Preparing the installation

First of all, this post assumes you have a Windows Server 2008 installation up and running already. On to the real matters now. It’s a common phenomenon to try something new at the office and have it working but find it not working on some random flight when preparing for the talk. Here’s a headache-medication saver: loopback adapters. More than once I’ve found network-driven applications now working correctly in a fully disconnected situation for various network stack related reasons, so I realized pretty quickly I didn’t have a loopback adapter installed. Installing one is easy: in Computer Management (now known as Server Manager), go to the Device Manager and add a piece of legacy hardware:

image

Follow the instructions to select the network adapter from the list:

image image image

and let the thing install. Ultimately you’ll have an always (though fake) connected computer, ideal to save presentation missions where networks are always influenced by Murphy’s law :-).

 

Installing LDS

To install LDS, select Active Directory Lightweight Directory Services Setup Wizard from Administrative Tools:

image

This will bring up the wizard that guides you through the installation and configuration of a new LDS instance. The concept of an instance is important to understand – you can regard an instance as a stand-alone (meaning not necessarily related to any domains) Active Directory database that can be reached by clients for typical directory operations over well-known protocols like LDAP. That’s precisely what I need: a light-weight (hence the name) instance of AD that isn’t linked to any AD domain whatsoever and reachable through LDAP (LINQ to AD used to be known as LINQ to LDAP).

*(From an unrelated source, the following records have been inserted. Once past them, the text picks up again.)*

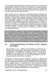 Für die vorgesehene elektronische Übermittlung der Daten der Lehrkräfte an das Ministerium müssen eine Reihe von technischen und organisatorischen Maßnahmen zum Datenschutz getroffen werden. Dabei ist zu berücksichti- gen, dass es sich bei den Daten über die Lehrkräfte um Personaldaten, also um Daten einer hohen Schutzstufe handelt. Offen ist bisher noch die Umstellung der Schuldatenerhebung hinsichtlich der Daten der Schülerinnen und Schüler. Auch hier beabsichtigt das Ministerium, ebenfalls für jede Schülerin und jeden Schüler personenbeziehbare Einzelda- tensätze zu erheben. Das Ministerium für Bildung, Jugend und Sport konnte nicht überzeugend darlegen, für welche Aufgaben des Ministeriums die Übermittlung derart detaillierter Daten über die Schülerinnen und Schüler er- forderlich ist, sodass wir die Gefahr einer Datenspeicherung auf Vorrat se- hen. Unser Vorschlag, den Landesbetrieb für Datenverarbeitung und Statistik mit diesen Aufgaben zu befassen und dem Ministerium für Bildung, Jugend und Sport die Daten nur anonymisiert zur Verfügung zu stellen, ist bisher nicht aufgegriffen worden. Die vom Ministerium für Bildung, Jugend und Sport beabsichtigte Umstellung der Schuldatenerhebung bedarf hinsichtlich der personenbezogenen Daten der Lehrkräfte einer Änderung der Datenschutzverordnung Schulwesen. Die Ablösung der weitgehend papiergestützten Schuldatenerhebung durch elekt- ronische Verfahren ist durch besondere technische und organisatorische Maßnahmen abzusichern, die der Sensibilität der verarbeiteten Daten Rech- nung tragen. Für eine personenbezogene zentrale Verarbeitung von Daten aller Schülerinnen und Schüler im Ministerium ist kein Erfordernis erkennbar. 6.2 „Führerscheinprüfung“ für Internet und PC – Klassen- ziel verfehlt! Mit der Initiative m.a.u.s – Medien an unsere Schulen – hat sich die Lan- desregierung zum Ziel gesetzt, die Nutzung neuer Medien im Unterricht voranzutreiben. Das Ministerium für Bildung, Jugend und Sport bietet Schülerinnen und Schülern der Sekundarstufe I hierzu die interaktive CD-ROM „Internet-Führerschein“ an, um Grundkenntnisse für die Nut- zung von Computer und Internet zu vermitteln. Zu begrüßen ist, dass mit diesem Projekt die Teilnahme der Schülerinnen und Schüler an der Informations- und Wissensgesellschaft erheblich geför- dert wird. Allerdings klärt die CD-ROM über die Risiken der Kommunikation in offenen, globalen Netzen nur unzureichend auf. Eine umfassende Sensibili- sierung auch für die vorhandenen Instrumente und Techniken zum Schutz der Privatsphäre ist die Voraussetzung für einen verantwortungsbewussten Umgang mit den vielfältigen Möglichkeiten der „Neuen Medien“. Tätigkeitsbericht 2001 LDA Brandenburg 107
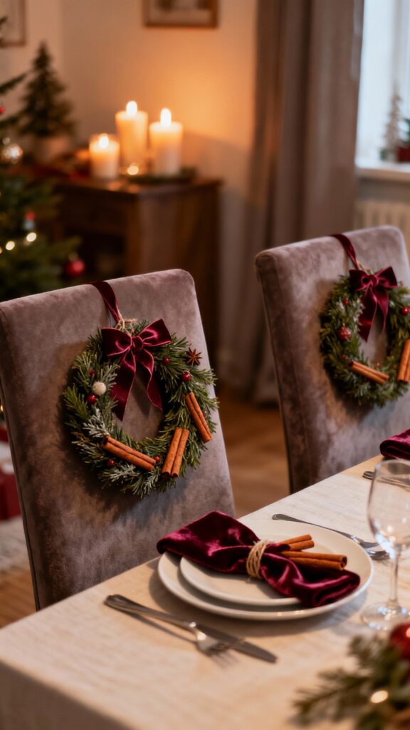 Textiles complete the look: a tartan throw draped over a chair, a velvet bow around cutlery, or bells tied onto greenery for a soft jingle. Keep it airy and balanced — too much décor can crowd the beauty of your setup.
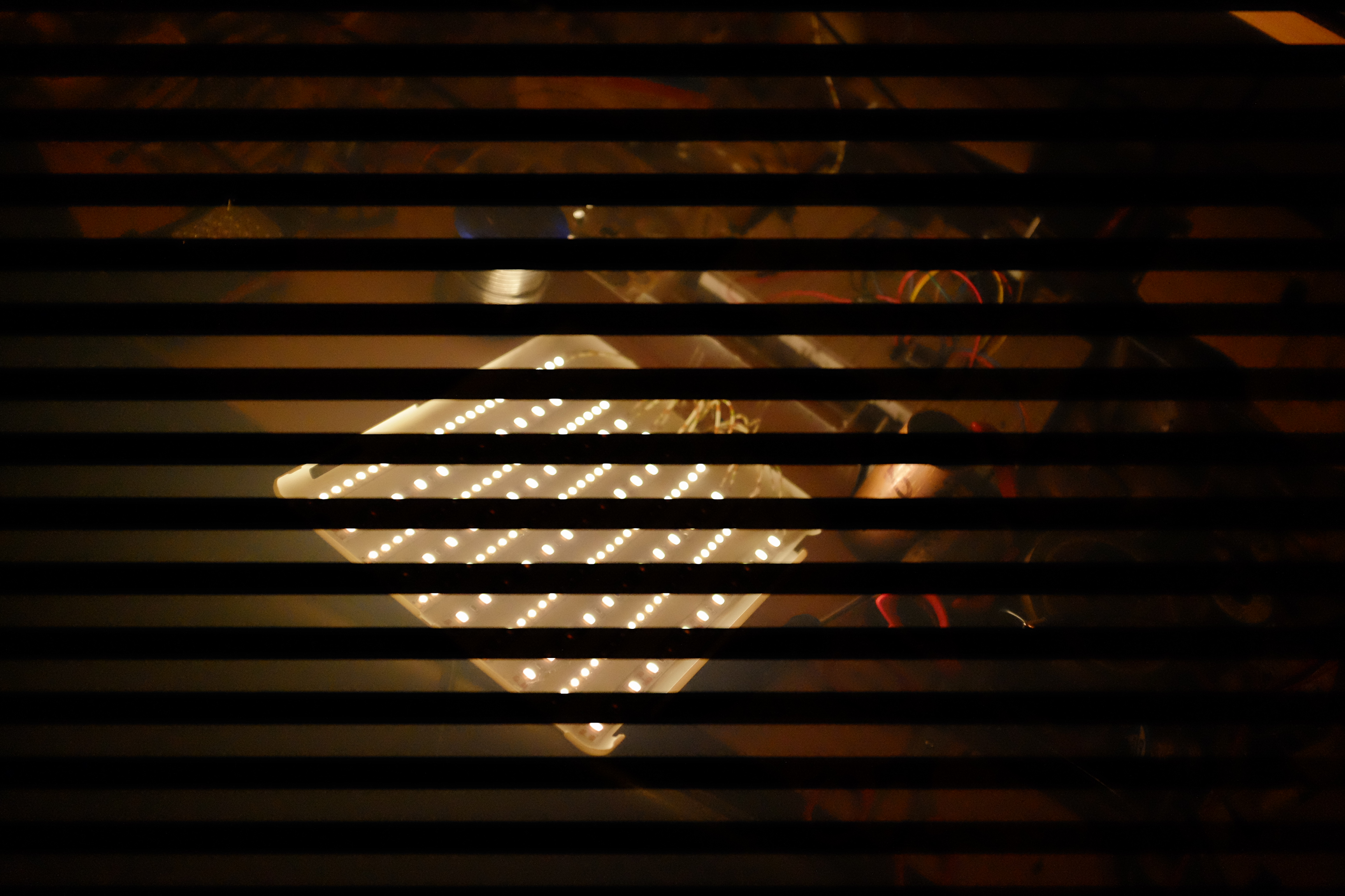 Out of focus and poorly framed, a thousand apologies – but we can still draw conclusions: flashing at 100 Hz, we see six visible bands of illumination and can deduce that there was a seventh at the bottom of the frame (but since there was no light there, we see nothing – a thousand more apologies).
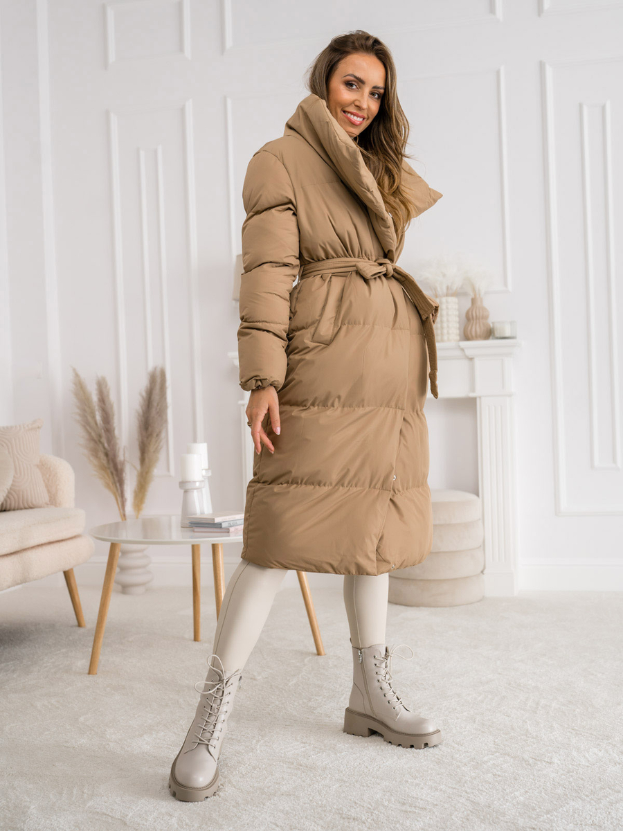 A felhasználók véleménye Camel színű hosszú steppelt téli női kabát Bolf 5M737

Click through the first steps of the wizard to create a new instance – we won’t go into advanced topics such as replication:

image image

Next we’ll give our instance a name, e.g. Demo. This information will ultimately be used to create a Windows service (whose name is prefixed with ADAM_) as well as the database under %ProgramFiles%\Microsoft ADAM\<instance name>\data.

image

Next, we’ll select the port number to listen on. If you’re not running any other directory service yet, the wizard will propose to use ports 389 (LDAP) and 636 (SSL) which are both the typical ports for the respective protocols. Indeed, it will just make your computer look like a typical directory service to client computers. However, if you already have a directory service (be it AD or AD LDS) running or plan to do so, alternative ports in the 50000 range will be proposed. We’ll stick with default 389 but make sure to remember the port number as you’ll need it when writing client apps:

image

Next, the wizard asks to create an Application Directory Partition. Expensive word, simple concept. Essentially an application partition is a part of the hierarchical directory services database that will contain your application’s data, and as every node in such a directory hierarchy it needs to have a distinguished name, e.g. CN=Demo,DC=bartdesmet,DC=local. We’ll create such a partition during the LDS instance creation but you can also choose to do it later (although that will complicate matters and require more code).

image

In the few steps following, the wizard will ask where to store the database – it’s okay to stick with the defaults – and what account to run the service under (Network Service is recommended for a more secure configuration):

image image

Obviously services need some administrator that will be allowed to reconfigure the service (using the ADSI Editor for example, see further), so we’ll have to select an account that will be granted those permissions. You can use local accounts but also accounts from the domain the computer is joined to (as I’m doing below):

image

Last but not least, we’re presented a list of LDF files that can be imported in the instance. These get installed under the Schema partition of the instance and carry the schema data for various classes available in the instance to store data with:

image

I’m just selecting MS-User.LDF for now. It’s interesting to know where the wizard gets these files from: %systemroot%\ADAM\*.LDF. In fact, LDF files are just text files that look like this (for a full LDF file, see your installation):

#==================================================================
# @@UI-Description: AD LDS user class and related classes.
#
# This file contains user extensions for default ADAM schema.
# It should be imported with the following command:
#   ldifde -i -f MS-User.ldf -s server:port -b username domain password -k -j . -c "CN=Schema,CN=Configuration,DC=X" #schemaNamingContext
#
#==================================================================

# Attributes

dn: CN=Serial-Number,CN=Schema,CN=Configuration,DC=X
changetype: ntdsschemaadd
objectClass: top
objectClass: attributeSchema
cn: Serial-Number
attributeID: 2.5.4.5
attributeSyntax: 2.5.5.5
isSingleValued: FALSE
rangeLower: 1
rangeUpper: 64
showInAdvancedViewOnly: TRUE
adminDisplayName: Serial-Number
adminDescription: Serial-Number
oMSyntax: 19
searchFlags: 0
lDAPDisplayName: serialNumber
schemaIDGUID:: MnqWv+YN0BGihQCqADBJ4g==
systemOnly: FALSE

The idea is simple: for each of the class attributes you’ll find a definition. Notice the file also has a comment for the ldifde (a command-line tool) invocation if you want to import LDF files after running the wizard.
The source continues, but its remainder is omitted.